Copy each line of the entries that includes the word "from".
[[ Input material, beginning ]]
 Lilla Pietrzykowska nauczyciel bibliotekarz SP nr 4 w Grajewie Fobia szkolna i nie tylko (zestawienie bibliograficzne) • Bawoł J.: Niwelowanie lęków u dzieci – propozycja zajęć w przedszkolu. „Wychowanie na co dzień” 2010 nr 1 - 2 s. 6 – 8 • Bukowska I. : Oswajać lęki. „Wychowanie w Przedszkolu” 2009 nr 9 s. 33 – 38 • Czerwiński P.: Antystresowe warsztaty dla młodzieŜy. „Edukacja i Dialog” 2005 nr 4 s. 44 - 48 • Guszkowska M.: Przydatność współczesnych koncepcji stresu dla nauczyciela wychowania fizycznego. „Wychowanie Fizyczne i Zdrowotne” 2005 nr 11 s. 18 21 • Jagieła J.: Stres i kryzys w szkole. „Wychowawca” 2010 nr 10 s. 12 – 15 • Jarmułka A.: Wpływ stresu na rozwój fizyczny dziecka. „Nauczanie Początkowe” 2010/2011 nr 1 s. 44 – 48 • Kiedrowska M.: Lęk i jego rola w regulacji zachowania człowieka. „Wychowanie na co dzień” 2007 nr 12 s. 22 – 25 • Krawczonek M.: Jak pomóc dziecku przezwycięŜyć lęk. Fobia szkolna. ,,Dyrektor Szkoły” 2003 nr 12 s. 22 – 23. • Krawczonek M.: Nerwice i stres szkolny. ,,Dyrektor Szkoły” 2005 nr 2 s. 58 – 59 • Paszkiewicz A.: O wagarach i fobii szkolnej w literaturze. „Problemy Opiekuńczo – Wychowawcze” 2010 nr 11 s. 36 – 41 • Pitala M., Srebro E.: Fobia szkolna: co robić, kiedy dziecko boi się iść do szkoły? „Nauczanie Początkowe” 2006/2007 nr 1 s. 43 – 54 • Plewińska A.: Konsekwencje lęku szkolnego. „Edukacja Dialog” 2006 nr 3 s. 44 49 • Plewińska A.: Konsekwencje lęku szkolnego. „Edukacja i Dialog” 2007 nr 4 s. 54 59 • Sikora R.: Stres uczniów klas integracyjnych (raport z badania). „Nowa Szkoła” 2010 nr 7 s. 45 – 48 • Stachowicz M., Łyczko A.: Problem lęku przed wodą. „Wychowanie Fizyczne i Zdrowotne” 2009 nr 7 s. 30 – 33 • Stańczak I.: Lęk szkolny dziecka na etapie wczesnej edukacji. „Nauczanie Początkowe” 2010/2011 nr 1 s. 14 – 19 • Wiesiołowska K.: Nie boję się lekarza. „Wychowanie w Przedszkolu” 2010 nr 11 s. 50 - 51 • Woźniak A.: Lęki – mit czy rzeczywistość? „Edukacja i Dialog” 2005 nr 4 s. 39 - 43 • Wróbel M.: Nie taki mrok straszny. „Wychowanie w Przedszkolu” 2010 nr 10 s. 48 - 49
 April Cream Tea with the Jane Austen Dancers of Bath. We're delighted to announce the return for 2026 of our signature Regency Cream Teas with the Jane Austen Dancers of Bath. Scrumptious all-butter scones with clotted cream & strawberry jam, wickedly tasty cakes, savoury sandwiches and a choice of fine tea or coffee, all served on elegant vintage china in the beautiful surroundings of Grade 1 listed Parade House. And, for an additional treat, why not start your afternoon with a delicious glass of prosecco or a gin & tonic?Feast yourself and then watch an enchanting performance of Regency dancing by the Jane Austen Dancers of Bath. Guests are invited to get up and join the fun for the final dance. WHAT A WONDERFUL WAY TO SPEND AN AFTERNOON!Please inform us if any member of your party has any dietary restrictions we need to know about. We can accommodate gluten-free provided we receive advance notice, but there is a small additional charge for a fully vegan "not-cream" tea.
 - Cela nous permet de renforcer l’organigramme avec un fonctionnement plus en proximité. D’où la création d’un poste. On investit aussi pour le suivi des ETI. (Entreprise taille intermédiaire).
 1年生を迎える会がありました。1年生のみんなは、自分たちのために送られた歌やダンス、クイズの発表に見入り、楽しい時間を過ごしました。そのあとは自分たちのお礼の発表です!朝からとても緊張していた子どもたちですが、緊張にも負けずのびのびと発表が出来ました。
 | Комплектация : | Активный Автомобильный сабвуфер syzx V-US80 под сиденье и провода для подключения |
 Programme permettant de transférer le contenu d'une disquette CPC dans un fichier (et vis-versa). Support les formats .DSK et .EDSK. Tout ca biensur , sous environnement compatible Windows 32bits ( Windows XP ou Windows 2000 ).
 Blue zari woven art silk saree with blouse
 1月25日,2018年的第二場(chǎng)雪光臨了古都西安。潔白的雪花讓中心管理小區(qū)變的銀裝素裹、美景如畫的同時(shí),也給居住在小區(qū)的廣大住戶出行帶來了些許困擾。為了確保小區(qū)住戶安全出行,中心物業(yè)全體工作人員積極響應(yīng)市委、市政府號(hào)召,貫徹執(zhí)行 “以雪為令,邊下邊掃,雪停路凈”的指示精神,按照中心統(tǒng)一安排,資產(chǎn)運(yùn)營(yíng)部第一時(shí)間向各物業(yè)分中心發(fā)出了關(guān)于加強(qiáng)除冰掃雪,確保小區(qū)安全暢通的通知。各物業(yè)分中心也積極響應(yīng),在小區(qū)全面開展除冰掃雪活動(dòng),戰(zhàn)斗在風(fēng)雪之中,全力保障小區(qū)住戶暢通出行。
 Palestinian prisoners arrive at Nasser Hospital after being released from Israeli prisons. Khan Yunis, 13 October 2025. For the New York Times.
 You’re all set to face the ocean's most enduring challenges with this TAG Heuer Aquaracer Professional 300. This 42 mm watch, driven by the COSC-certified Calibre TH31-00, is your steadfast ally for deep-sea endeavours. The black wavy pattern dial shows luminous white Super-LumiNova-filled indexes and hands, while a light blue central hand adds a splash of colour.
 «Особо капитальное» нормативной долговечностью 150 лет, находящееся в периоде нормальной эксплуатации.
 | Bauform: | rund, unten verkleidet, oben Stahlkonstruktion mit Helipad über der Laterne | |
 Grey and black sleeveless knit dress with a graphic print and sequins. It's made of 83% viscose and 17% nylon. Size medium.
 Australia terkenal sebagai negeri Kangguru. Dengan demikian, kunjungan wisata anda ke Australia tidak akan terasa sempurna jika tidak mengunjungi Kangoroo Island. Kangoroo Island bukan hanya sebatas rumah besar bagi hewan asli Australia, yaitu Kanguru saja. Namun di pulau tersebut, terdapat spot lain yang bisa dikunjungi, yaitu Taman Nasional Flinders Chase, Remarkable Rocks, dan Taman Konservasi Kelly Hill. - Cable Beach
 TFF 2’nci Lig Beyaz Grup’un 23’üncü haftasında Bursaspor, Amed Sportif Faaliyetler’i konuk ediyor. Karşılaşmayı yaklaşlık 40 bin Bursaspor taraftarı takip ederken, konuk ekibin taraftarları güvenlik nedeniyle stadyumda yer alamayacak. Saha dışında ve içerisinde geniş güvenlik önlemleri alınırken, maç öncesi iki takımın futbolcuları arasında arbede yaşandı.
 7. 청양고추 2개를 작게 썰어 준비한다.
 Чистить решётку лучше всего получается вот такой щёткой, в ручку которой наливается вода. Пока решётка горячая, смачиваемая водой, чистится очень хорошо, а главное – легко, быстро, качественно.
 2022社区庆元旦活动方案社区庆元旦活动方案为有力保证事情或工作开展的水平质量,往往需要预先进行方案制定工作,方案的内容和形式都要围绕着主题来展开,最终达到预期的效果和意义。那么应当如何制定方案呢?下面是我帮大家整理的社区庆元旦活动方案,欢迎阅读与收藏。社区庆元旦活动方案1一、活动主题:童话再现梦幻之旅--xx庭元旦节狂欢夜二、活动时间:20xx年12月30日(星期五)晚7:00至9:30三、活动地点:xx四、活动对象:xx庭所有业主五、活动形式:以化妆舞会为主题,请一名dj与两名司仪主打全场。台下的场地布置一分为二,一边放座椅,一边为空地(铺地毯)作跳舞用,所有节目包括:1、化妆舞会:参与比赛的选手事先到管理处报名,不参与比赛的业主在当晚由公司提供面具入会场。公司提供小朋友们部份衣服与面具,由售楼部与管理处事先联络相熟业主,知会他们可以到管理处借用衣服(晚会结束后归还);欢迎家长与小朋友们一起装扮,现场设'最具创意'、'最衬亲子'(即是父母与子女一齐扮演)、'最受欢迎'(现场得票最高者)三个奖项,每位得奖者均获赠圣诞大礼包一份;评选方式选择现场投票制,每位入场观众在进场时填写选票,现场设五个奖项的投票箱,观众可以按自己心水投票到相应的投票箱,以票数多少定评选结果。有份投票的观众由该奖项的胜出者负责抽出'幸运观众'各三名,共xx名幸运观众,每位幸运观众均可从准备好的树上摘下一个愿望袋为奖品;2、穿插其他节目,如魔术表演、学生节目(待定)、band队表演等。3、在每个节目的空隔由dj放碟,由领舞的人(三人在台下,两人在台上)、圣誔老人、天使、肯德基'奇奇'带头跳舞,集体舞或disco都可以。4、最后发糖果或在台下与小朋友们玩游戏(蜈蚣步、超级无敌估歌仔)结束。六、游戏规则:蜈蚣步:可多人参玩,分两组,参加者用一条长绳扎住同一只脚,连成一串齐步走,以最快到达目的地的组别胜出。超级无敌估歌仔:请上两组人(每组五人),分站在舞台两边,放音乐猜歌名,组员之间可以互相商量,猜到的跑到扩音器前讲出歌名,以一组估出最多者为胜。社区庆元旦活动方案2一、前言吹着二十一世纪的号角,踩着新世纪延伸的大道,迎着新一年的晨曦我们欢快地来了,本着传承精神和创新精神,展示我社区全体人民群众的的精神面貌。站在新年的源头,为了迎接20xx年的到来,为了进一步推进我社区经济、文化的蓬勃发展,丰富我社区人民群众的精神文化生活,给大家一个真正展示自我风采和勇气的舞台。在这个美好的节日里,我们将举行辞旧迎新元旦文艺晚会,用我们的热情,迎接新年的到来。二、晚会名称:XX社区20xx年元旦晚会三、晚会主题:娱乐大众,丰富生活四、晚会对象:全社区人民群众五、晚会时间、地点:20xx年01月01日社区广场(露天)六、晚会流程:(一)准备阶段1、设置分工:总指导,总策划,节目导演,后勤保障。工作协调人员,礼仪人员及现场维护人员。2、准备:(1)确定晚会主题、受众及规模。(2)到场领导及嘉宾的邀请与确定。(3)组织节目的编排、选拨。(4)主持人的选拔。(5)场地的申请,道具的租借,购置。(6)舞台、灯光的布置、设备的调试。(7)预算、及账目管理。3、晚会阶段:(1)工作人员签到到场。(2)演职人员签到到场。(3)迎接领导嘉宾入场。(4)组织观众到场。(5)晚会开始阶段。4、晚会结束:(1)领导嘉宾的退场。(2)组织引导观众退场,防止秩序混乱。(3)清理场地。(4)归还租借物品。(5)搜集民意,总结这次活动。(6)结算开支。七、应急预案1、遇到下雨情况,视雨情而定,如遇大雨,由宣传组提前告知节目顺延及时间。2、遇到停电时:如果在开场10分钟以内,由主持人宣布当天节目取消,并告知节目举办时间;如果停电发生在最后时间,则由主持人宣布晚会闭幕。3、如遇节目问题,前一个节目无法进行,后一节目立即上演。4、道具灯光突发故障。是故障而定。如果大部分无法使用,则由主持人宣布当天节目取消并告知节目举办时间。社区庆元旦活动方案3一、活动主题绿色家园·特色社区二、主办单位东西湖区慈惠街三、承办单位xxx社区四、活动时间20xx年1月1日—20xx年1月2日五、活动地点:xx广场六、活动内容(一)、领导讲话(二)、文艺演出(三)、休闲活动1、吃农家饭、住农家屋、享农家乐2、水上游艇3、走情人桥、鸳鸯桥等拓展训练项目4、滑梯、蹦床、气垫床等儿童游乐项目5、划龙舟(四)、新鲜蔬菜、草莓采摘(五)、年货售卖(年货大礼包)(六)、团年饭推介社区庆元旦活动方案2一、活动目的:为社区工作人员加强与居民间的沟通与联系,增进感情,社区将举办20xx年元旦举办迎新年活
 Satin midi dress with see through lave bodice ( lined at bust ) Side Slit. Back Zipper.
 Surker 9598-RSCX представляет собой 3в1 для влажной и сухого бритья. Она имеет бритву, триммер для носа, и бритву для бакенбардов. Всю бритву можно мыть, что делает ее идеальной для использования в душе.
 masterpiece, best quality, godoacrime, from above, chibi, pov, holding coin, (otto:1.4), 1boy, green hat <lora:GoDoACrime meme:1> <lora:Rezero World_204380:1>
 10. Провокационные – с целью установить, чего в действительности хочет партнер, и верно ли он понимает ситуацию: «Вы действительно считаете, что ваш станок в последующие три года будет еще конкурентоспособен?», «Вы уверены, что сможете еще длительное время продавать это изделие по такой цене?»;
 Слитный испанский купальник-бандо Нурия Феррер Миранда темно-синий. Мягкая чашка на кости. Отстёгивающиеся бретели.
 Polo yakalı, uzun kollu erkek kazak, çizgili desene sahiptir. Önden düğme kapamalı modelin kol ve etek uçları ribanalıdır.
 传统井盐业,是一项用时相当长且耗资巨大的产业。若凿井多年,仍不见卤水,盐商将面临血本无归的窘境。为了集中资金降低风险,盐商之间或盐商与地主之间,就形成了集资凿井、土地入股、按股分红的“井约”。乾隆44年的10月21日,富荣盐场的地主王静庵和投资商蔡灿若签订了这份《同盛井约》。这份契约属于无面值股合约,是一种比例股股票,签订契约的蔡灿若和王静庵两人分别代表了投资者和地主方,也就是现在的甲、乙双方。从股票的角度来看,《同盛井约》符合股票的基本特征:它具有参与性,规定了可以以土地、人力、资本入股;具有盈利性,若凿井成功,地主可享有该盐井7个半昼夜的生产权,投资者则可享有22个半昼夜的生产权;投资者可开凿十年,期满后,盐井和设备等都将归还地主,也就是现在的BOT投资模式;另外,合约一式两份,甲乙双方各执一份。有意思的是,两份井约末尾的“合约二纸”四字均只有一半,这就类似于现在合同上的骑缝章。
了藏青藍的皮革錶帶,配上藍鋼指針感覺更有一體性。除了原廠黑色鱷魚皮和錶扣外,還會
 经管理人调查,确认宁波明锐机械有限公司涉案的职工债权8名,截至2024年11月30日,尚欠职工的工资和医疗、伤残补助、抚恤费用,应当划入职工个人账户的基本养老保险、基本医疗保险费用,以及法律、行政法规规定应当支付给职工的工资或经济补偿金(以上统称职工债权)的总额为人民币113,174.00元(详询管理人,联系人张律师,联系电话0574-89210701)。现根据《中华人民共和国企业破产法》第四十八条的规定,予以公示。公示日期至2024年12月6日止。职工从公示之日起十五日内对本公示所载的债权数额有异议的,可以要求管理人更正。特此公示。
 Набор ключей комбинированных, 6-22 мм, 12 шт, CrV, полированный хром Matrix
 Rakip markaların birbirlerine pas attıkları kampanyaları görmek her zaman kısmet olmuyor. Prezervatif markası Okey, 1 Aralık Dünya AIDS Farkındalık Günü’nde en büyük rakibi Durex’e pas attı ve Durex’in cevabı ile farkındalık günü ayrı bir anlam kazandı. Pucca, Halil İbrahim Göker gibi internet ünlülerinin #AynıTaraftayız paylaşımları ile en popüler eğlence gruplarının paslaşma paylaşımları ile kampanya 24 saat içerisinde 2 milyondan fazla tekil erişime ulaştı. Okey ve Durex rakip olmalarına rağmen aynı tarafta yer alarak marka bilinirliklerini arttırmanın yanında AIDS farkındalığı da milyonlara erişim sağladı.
[[ Input material, end ]]
# Task output
 Palestinian prisoners arrive at Nasser Hospital after being released from Israeli prisons. Khan Yunis, 13 October 2025. For the New York Times.
 masterpiece, best quality, godoacrime, from above, chibi, pov, holding coin, (otto:1.4), 1boy, green hat <lora:GoDoACrime meme:1> <lora:Rezero World_204380:1>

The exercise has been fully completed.